### Assigned task
Except for the pictures, reproduce the records word for word.

### Data provided
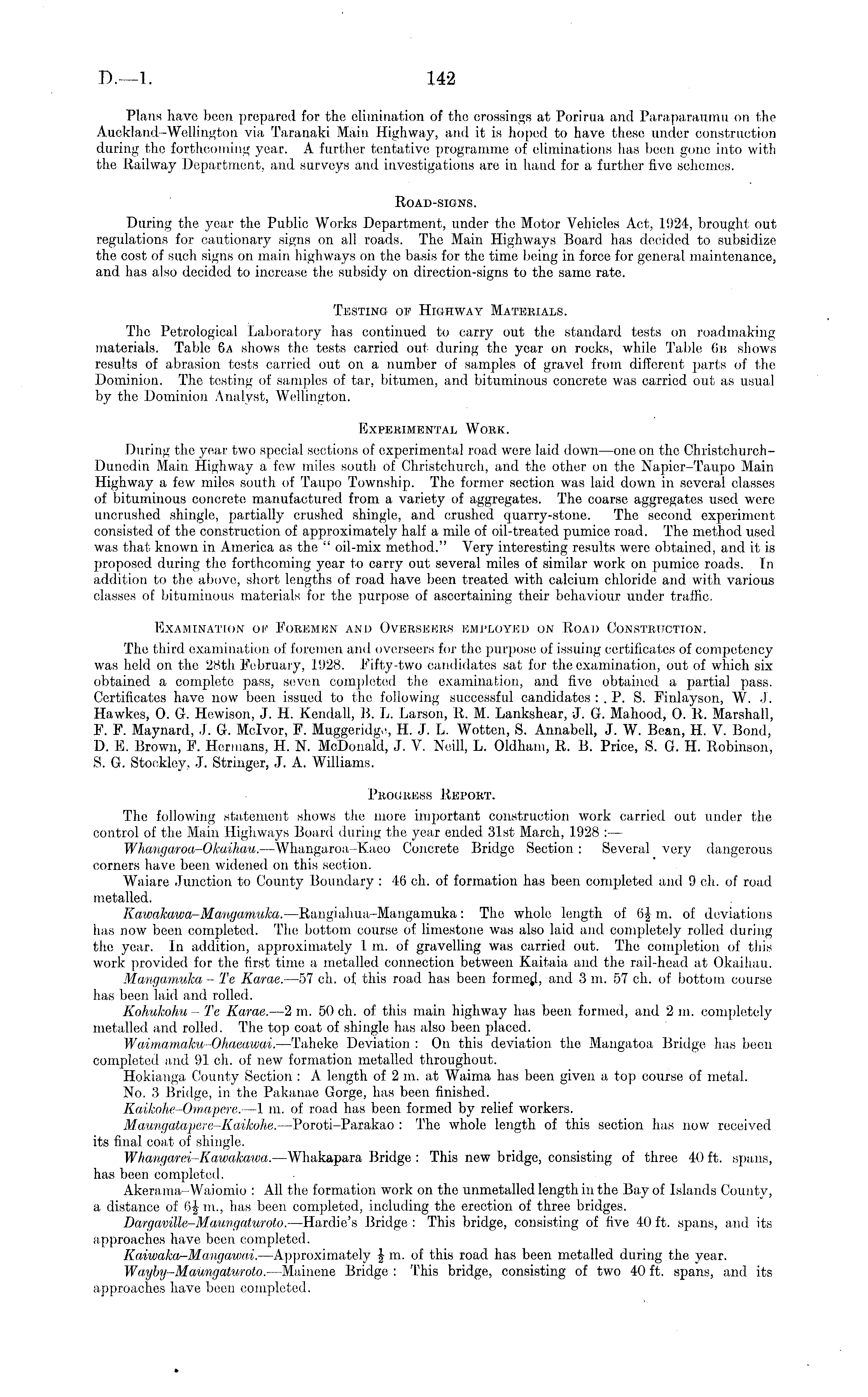 Plans have been prepared for the elimination of the crossings at Porirua and Paraparaumu on the Auckland-Wellington via Taranaki Main Highway, and. it is hoped to have these under construction during the forthcoming year. A further tentative programme of eliminations has been gone into with the Railway Department, and surveys and investigations are in hand for a further five schemes. Road-signs. During the year the Public Works Department, under the Motor Vehicles Act, 1924, brought, out regulations for cautionary signs on all roads. The Main Highways Board has decided to subsidize the cost of such signs on main highways on the basis for the time being in force for general maintenance, and has also decided to increase the subsidy on direction-signs to the same rate. Testing of Highway Materials. The Petrological Laboratory has continued to carry out the standard tests on roadmaking materials. Table 6a shows the tests carried out- during the year on rocks, while Table 6b shows results of abrasion tests carried out on a number of samples of gravel from different parts of the Dominion. The testing of samples of tar, bitumen, and bituminous concrete was carried out as usual by the Dominion Analyst, Wellington. E X PERIMENTAL WORK. During the year two special sections of experimental road were laid, down —one on the Christchurch - Dunedin Main Highway a low miles south of Christchurch, and the other on the Napior-Taupo Main Highway a few miles south of Taupo Township. The former section was laid down in several classes of bituminous concrete manufactured from a variety of aggregates. The coarse aggregates used were uncrushed shingle, partially crushed shingle, and crushed quarry-stone. The second experiment consisted of the construction of approximately half a mile of oil-treated pumice road. The method used was that known in America as the " oil-mix method." Very interesting results were obtained, and it is proposed during the forthcoming year to carry out several miles of similar work on pumice roads. In addition to the above, short lengths of road have been treated with calcium chloride and with various classes of bituminous materials for the purpose of ascertaining their behaviour under traffic. Examination ok Fqbemen and Overseers employed on Road Construction. The third examination of foremen and overseers for the purpose of issuing certificates of competency was held on the 28th February, 1928. Fifty-two candidates sat for the examination, out of which six obtained a complete pass, seven completed the examination, and five obtained a partial pass. Certificates have now been issued to the following successful candidates :„ P. S. Finlayson, W. .1. Hawkes, 0. G. Hewison, J. H. Kendall, B. L. Larson, R. M. Lankshear, J. G. Mahood, 0. R. Marshall, F. F. Maynard, ,J. G. Mclvor, F. Muggeridge, H. J. L. Wottcn, S. Annabell, J. W. Bean, H. V. Bond, D. E. Brown, F. Hermans, H. N. McDonald, J. V. Neill, L. Oldham, R. B. Price, S. G. H. Robinson, S. G. Stockloy, J. Stringer, J. A. Williams. Progress Report. The following statement shows the more important construction work carried out under the control of the Main Highways Board dining the year ended 31st March, 1928 :—- Whangaroa-Okaihau. —Whangaroa-Kaeo Concrete Bridge Section : Several very dangerous corners have been widened on this section. Waiare Junction to County Boundary : 46 eh. of formation has been completed and 9 eh. of road metalled. KawaJcawa-Mangamuka. —Rangiahua-Mangamuka: The whole length of 6| m. of deviations has now been completed. The bottom course of limestone was also laid and completely rolled during the year. In addition, approximately Im. of gravelling was carried out. The completion of this work provided for the first time a metalled connection between Kaitaia and the rail-head at Okaihau. Mangamuka - Te Karae. —57 eh. of this road has been formed, and 3 m. 57 eh. of bottom course has been laid and rolled. Kohukohu —Te Karae. —2 m. 50 eh. of this main highway has been formed, and 2m. completely metalled and rolled. The top coat of shingle has also been placed. Waimamaku-Ohaeawai. —Taheke Deviation : On this deviation the Mangatoa Bridge has been completed and 91 eh. of new formation metalled throughout. Hokianga County Section : A length of 2 m. at Waima has been given a top course of metal. No. 3 Bridge, in the Pakanae Gorge, has been finished. Kaikohe-Omapere. —1 m. of road has been formed by relief workers. M.aungatapere-Kaikohe. —Poroti-Parakao : The whole length of this section has now received its final coat of shingle. Whangarei-Kawakawa. —Whakapara Bridge: This new bridge, consisting of three 40ft. spans, has been completed. Akerama-Waiomio : All the formation work on the unmetalled length in the Bay of Islands County, a distance of 6| m., has been completed, including the erection of three bridges. Dargaville-Maungaturoto. —Hardies Bridge : This bridge, consisting of five 40 ft. spans, and its approaches have been completed. Kaiwalear-Mangawai. —Approximately | m. of this road has been metalled during the year. Wayby-Maungaturoto. —Mainene Bridge : This bridge, consisting of two 40 ft. spans, and its approaches have been completed.
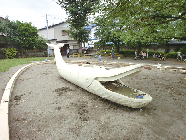 それは川崎市多摩区にある「稲田公園」です。JR南武線稲田堤駅から歩いて10分ほど、ココは別名「クジラ公園」とも呼ばれている所。その名の通りクジラの遊具があるからなんです。遊具広場の砂の海に浮かぶコンクリート製のクジラ。なんでもシロナガスクジラがモチーフになっているんだとか。パックリと大きな口を開けて迫力があります。で、よく見てみるとクジラの背中がくぼんでいて、座れるようにもなっている。イルカに乗った少年ならぬクジラに乗った少年ごっこ遊びができますね。ほかにも砂場の周辺には複合遊具もあり、子どもたちの遊び場になっていました。こんな、砂の海に浮かぶクジラを絵の題材になんてどうですか?
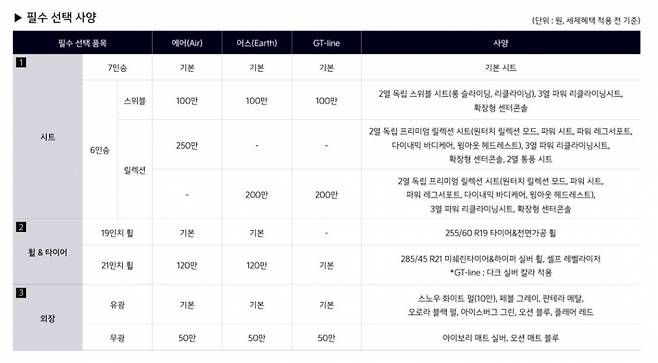 구동방식별로는 2WD 7671~8181만원, 4WD 8041~8551만원 등이다. 배터리는 99.8kWh 단일로 운영된다. 여기에 시트ㆍ휠&타이어ㆍ외장컬러 등 필수옵션을 추가하면 된다.
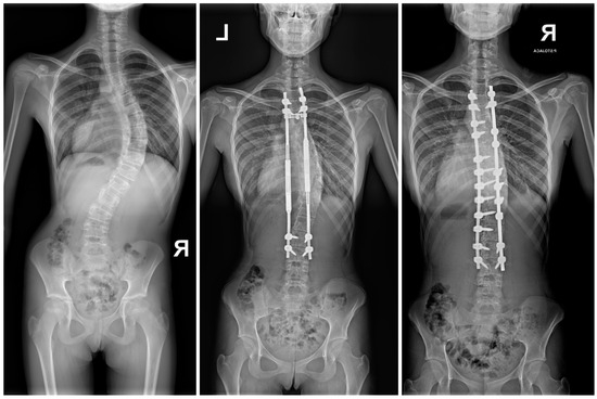- Grabala, P.; Gupta, M.C.; Pereira, D.E.; Latalski, M.; Danielewicz, A.; Glowka, P.; Grabala, M. Radiological Outcomes of Magnetically Controlled Growing Rods for the Treatment of Children with Various Etiologies of Early-Onset Scoliosis—A Multicenter Study. J. Clin. Med. 2024, 13, 1529. [Google Scholar] [CrossRef] [PubMed]
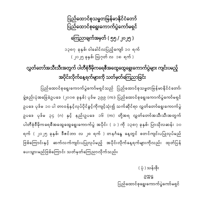 လွှတ်တော်အသီးသီးအတွက် ပါတီစုံဒီမိုကရေစီအထွေထွေရွေးကောက်ပွဲများ ကျင်းပမည့် အပိုင်းလိုက်နေ့ရက်များကို သတ်မှတ်ကြေညာခြင်း
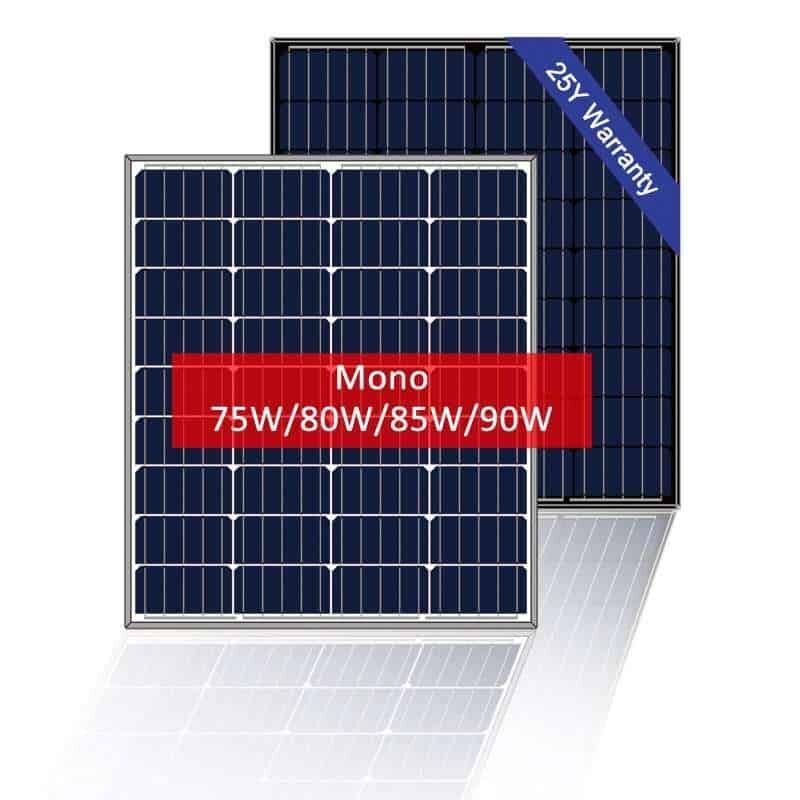 Versatile 80W mono solar panel by Couleenergy. Compact size with pre-drilled mounting holes for easy installation. Built-in bypass diodes minimize power drop during partial shading. Ideal for 12V battery systems in mobile and remote applications. Ships worldwide with flexible payment options. Available in 75W-90W variants. Customizable branding.
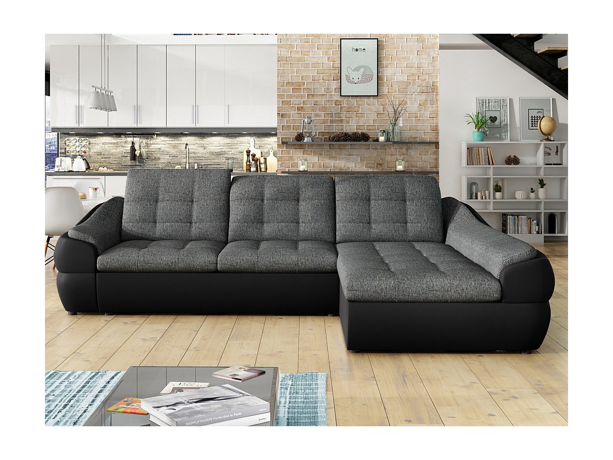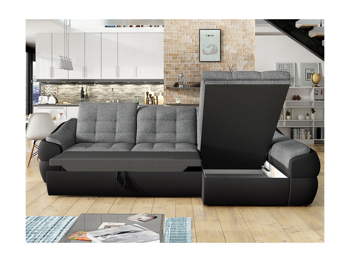 Hoekbedbank van stof en kunstleer FAREZ - Tweekleurig grijs en zwart - Hoek rechts
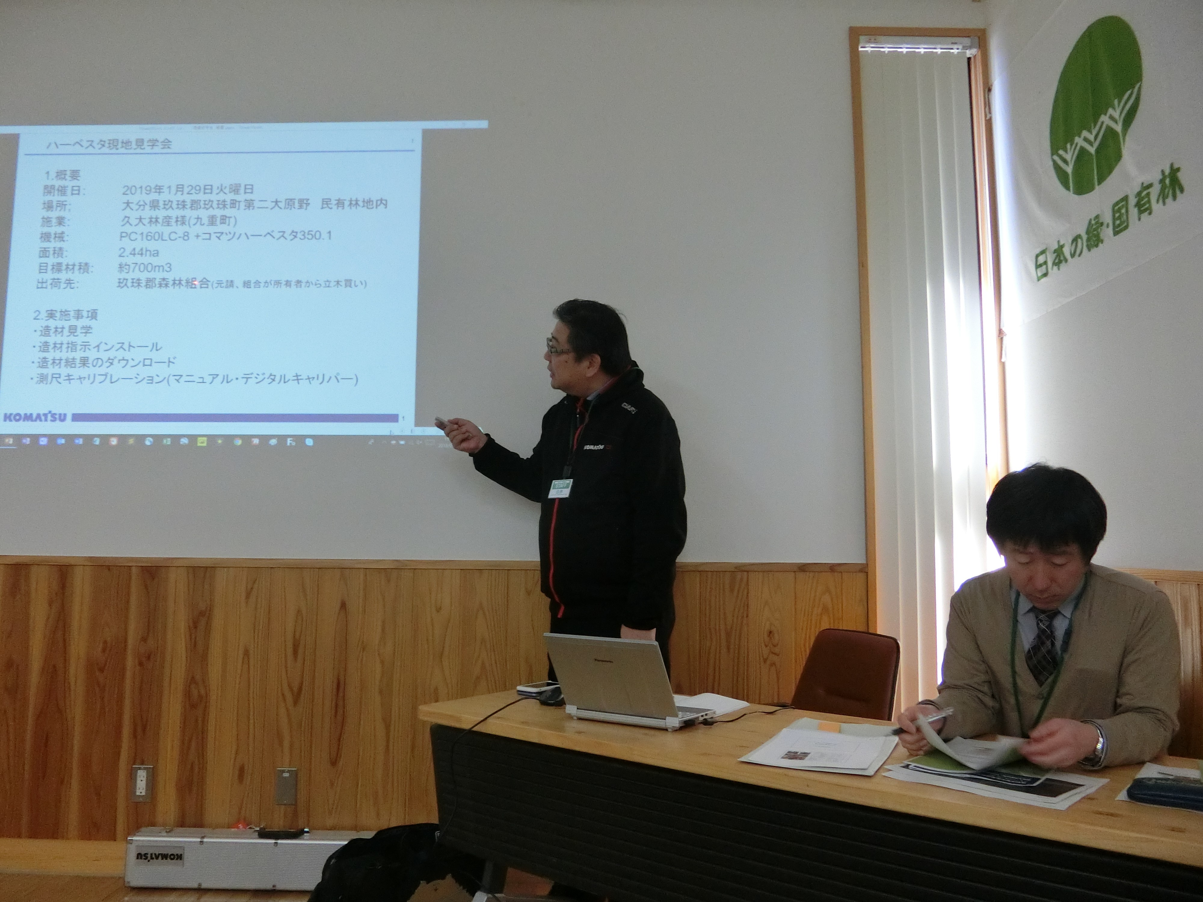 現地見学会に先立っては、当署会議室で、同機関代表の森林総合研究所林業工学領域伐採技術担当チーム長の上村巧氏から、同機関が研究開発を進めているハーベスタ等作業機で取得できる丸太の生産情報の有効活用の仕組みの構築への取組や、原木のヤング率、密度、曲がりを自動計測するハーベスタのプロトタイプが完成しつつあるといった開発状況等についての説明がありました。

### Answer for the task
 Plans have been prepared for the elimination of the crossings at Porirua and Paraparaumu on the Auckland-Wellington via Taranaki Main Highway, and. it is hoped to have these under construction during the forthcoming year. A further tentative programme of eliminations has been gone into with the Railway Department, and surveys and investigations are in hand for a further five schemes. Road-signs. During the year the Public Works Department, under the Motor Vehicles Act, 1924, brought, out regulations for cautionary signs on all roads. The Main Highways Board has decided to subsidize the cost of such signs on main highways on the basis for the time being in force for general maintenance, and has also decided to increase the subsidy on direction-signs to the same rate. Testing of Highway Materials. The Petrological Laboratory has continued to carry out the standard tests on roadmaking materials. Table 6a shows the tests carried out- during the year on rocks, while Table 6b shows results of abrasion tests carried out on a number of samples of gravel from different parts of the Dominion. The testing of samples of tar, bitumen, and bituminous concrete was carried out as usual by the Dominion Analyst, Wellington. E X PERIMENTAL WORK. During the year two special sections of experimental road were laid, down —one on the Christchurch - Dunedin Main Highway a low miles south of Christchurch, and the other on the Napior-Taupo Main Highway a few miles south of Taupo Township. The former section was laid down in several classes of bituminous concrete manufactured from a variety of aggregates. The coarse aggregates used were uncrushed shingle, partially crushed shingle, and crushed quarry-stone. The second experiment consisted of the construction of approximately half a mile of oil-treated pumice road. The method used was that known in America as the " oil-mix method." Very interesting results were obtained, and it is proposed during the forthcoming year to carry out several miles of similar work on pumice roads. In addition to the above, short lengths of road have been treated with calcium chloride and with various classes of bituminous materials for the purpose of ascertaining their behaviour under traffic. Examination ok Fqbemen and Overseers employed on Road Construction. The third examination of foremen and overseers for the purpose of issuing certificates of competency was held on the 28th February, 1928. Fifty-two candidates sat for the examination, out of which six obtained a complete pass, seven completed the examination, and five obtained a partial pass. Certificates have now been issued to the following successful candidates :„ P. S. Finlayson, W. .1. Hawkes, 0. G. Hewison, J. H. Kendall, B. L. Larson, R. M. Lankshear, J. G. Mahood, 0. R. Marshall, F. F. Maynard, ,J. G. Mclvor, F. Muggeridge, H. J. L. Wottcn, S. Annabell, J. W. Bean, H. V. Bond, D. E. Brown, F. Hermans, H. N. McDonald, J. V. Neill, L. Oldham, R. B. Price, S. G. H. Robinson, S. G. Stockloy, J. Stringer, J. A. Williams. Progress Report. The following statement shows the more important construction work carried out under the control of the Main Highways Board dining the year ended 31st March, 1928 :—- Whangaroa-Okaihau. —Whangaroa-Kaeo Concrete Bridge Section : Several very dangerous corners have been widened on this section. Waiare Junction to County Boundary : 46 eh. of formation has been completed and 9 eh. of road metalled. KawaJcawa-Mangamuka. —Rangiahua-Mangamuka: The whole length of 6| m. of deviations has now been completed. The bottom course of limestone was also laid and completely rolled during the year. In addition, approximately Im. of gravelling was carried out. The completion of this work provided for the first time a metalled connection between Kaitaia and the rail-head at Okaihau. Mangamuka - Te Karae. —57 eh. of this road has been formed, and 3 m. 57 eh. of bottom course has been laid and rolled. Kohukohu —Te Karae. —2 m. 50 eh. of this main highway has been formed, and 2m. completely metalled and rolled. The top coat of shingle has also been placed. Waimamaku-Ohaeawai. —Taheke Deviation : On this deviation the Mangatoa Bridge has been completed and 91 eh. of new formation metalled throughout. Hokianga County Section : A length of 2 m. at Waima has been given a top course of metal. No. 3 Bridge, in the Pakanae Gorge, has been finished. Kaikohe-Omapere. —1 m. of road has been formed by relief workers. M.aungatapere-Kaikohe. —Poroti-Parakao : The whole length of this section has now received its final coat of shingle. Whangarei-Kawakawa. —Whakapara Bridge: This new bridge, consisting of three 40ft. spans, has been completed. Akerama-Waiomio : All the formation work on the unmetalled length in the Bay of Islands County, a distance of 6| m., has been completed, including the erection of three bridges. Dargaville-Maungaturoto. —Hardies Bridge : This bridge, consisting of five 40 ft. spans, and its approaches have been completed. Kaiwalear-Mangawai. —Approximately | m. of this road has been metalled during the year. Wayby-Maungaturoto. —Mainene Bridge : This bridge, consisting of two 40 ft. spans, and its approaches have been completed.
 それは川崎市多摩区にある「稲田公園」です。JR南武線稲田堤駅から歩いて10分ほど、ココは別名「クジラ公園」とも呼ばれている所。その名の通りクジラの遊具があるからなんです。遊具広場の砂の海に浮かぶコンクリート製のクジラ。なんでもシロナガスクジラがモチーフになっているんだとか。パックリと大きな口を開けて迫力があります。で、よく見てみるとクジラの背中がくぼんでいて、座れるようにもなっている。イルカに乗った少年ならぬクジラに乗った少年ごっこ遊びができますね。ほかにも砂場の周辺には複合遊具もあり、子どもたちの遊び場になっていました。こんな、砂の海に浮かぶクジラを絵の題材になんてどうですか?
 구동방식별로는 2WD 7671~8181만원, 4WD 8041~8551만원 등이다. 배터리는 99.8kWh 단일로 운영된다. 여기에 시트ㆍ휠&타이어ㆍ외장컬러 등 필수옵션을 추가하면 된다.
- Grabala, P.; Gupta, M.C.; Pereira, D.E.; Latalski, M.; Danielewicz, A.; Glowka, P.; Grabala, M. Radiological Outcomes of Magnetically Controlled Growing Rods for the Treatment of Children with Various Etiologies of Early-Onset Scoliosis—A Multicenter Study. J. Clin. Med. 2024, 13, 1529. [Google Scholar] [CrossRef] [PubMed]
 လွှတ်တော်အသီးသီးအတွက် ပါတီစုံဒီမိုကရေစီအထွေထွေရွေးကောက်ပွဲများ ကျင်းပမည့် အပိုင်းလိုက်နေ့ရက်များကို သတ်မှတ်ကြေညာခြင်း
 Versatile 80W mono solar panel by Couleenergy. Compact size with pre-drilled mounting holes for easy installation. Built-in bypass diodes minimize power drop during partial shading. Ideal for 12V battery systems in mobile and remote applications. Ships worldwide with flexible payment options. Available in 75W-90W variants. Customizable branding.
 Hoekbedbank van stof en kunstleer FAREZ - Tweekleurig grijs en zwart - Hoek rechts
 現地見学会に先立っては、当署会議室で、同機関代表の森林総合研究所林業工学領域伐採技術担当チーム長の上村巧氏から、同機関が研究開発を進めているハーベスタ等作業機で取得できる丸太の生産情報の有効活用の仕組みの構築への取組や、原木のヤング率、密度、曲がりを自動計測するハーベスタのプロトタイプが完成しつつあるといった開発状況等についての説明がありました。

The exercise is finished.